Selecting dotted paths preserves nested MongoDB structure by default. It does
not flatten nested fields unless you explicitly ask for that:

```{r verb-select-nested, eval = FALSE}
sensor_tbl |>
  select(`message.timestamp`, `message.measurements`) |>
  collect()
```

## `rename()`

```{r verb-rename, eval = FALSE}
starwars_tbl |>
  rename(character_name = name, planet = homeworld) |>
  collect()
```

## `mutate()`

```{r verb-mutate, eval = FALSE}
starwars_tbl |>
  mutate(height_m = height / 100, bmi_like = mass / (height_m * height_m)) |>
  select(name, height, mass, height_m, bmi_like) |>
  collect()
```

## `transmute()`

```{r verb-transmute, eval = FALSE}
starwars_tbl |>
  transmute(name = name, height_m = height / 100) |>
  collect()
```

## `arrange()`

```{r verb-arrange, eval = FALSE}
starwars_tbl |>
  arrange(desc(height), name) |>
  select(name, height) |>
  slice_head(n = 10) |>
  collect()
```

## `group_by()`

```{r verb-group-by, eval = FALSE}
starwars_tbl |>
  group_by(species)
```

## `summarise()`

```{r verb-summarise, eval = FALSE}
starwars_tbl |>
  group_by(species) |>
  summarise(
    n = n(),
    avg_height = mean(height),
    max_mass = max(mass)
  ) |>
  arrange(desc(n)) |>
  collect()
```

## `slice_head()`

```{r verb-slice-head, eval = FALSE}
starwars_tbl |>
  select(name, species) |>
  slice_head(n = 5) |>
  collect()
```

## `slice_tail()`

```{r verb-slice-tail, eval = FALSE}
starwars_tbl |>
  select(name, species) |>
  slice_tail(n = 5) |>
  collect()
```

## `head()`

```{r verb-head, eval = FALSE}
head(starwars_tbl, 5) |>
  collect()
```

## `flatten_fields()`

Use `flatten_fields()` when you explicitly want nested object leaves to become
flat tibble columns.

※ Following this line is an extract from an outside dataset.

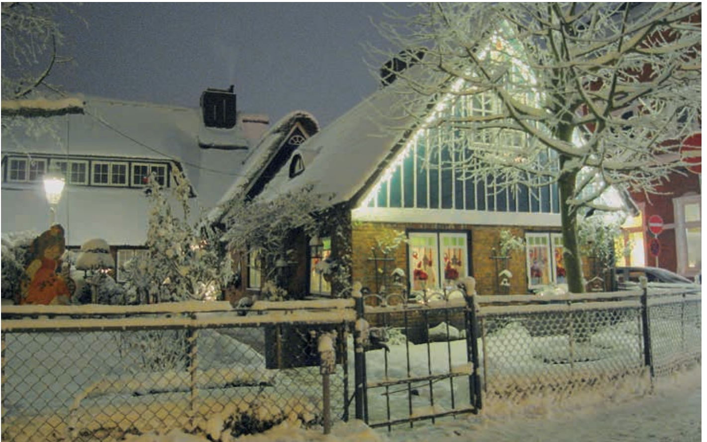
Das Ladiges-Haus in „Winterkleid“

By default the output names are the schema dot paths.

```{r verb-flatten-fields, eval = FALSE}
sensor_tbl |>
  select(`message.timestamp`, `message.measurements`) |>
  flatten_fields() |>
  collect()
```

You can also target a specific nested root and optionally rename the flattened
output columns:

```{r verb-flatten-fields-names, eval = FALSE}
sensor_tbl |>
  flatten_fields(
    `message.measurements`,
    names_fn = function(x) gsub(".", "_", x, fixed = TRUE)
  ) |>
  collect()
```

## `unwind_array()`

Use `unwind_array()` when a document field contains an array and you want one
output row per array element.

```{r verb-unwind-array, eval = FALSE}
orders_tbl |>
  unwind_array(items) |>
  collect()
```

If array elements are nested objects, `unwind_array()` and `flatten_fields()`
can be chained:

```{r verb-unwind-array-flatten, eval = FALSE}
orders_tbl |>
  unwind_array(items) |>
  flatten_fields(items) |>
  collect()
```

# Notes

The examples above stay within the currently supported subset:

- explicit field references,
- schema-first expression resolution, with `.data$...` for explicit field references and `.env$...` for local values,
- scalar expressions for `mutate()` and `transmute()`, plus the special `1:n()` row-numbering case,
- conservative grouped summaries,
- explicit flattening of nested object fields with `flatten_fields()`,
- array row expansion with `unwind_array()`,
- no joins, window functions, or automatic client-side fallback.

If a query falls outside that subset, `mdbplyr` is designed to fail
explicitly rather than guess or silently change execution semantics.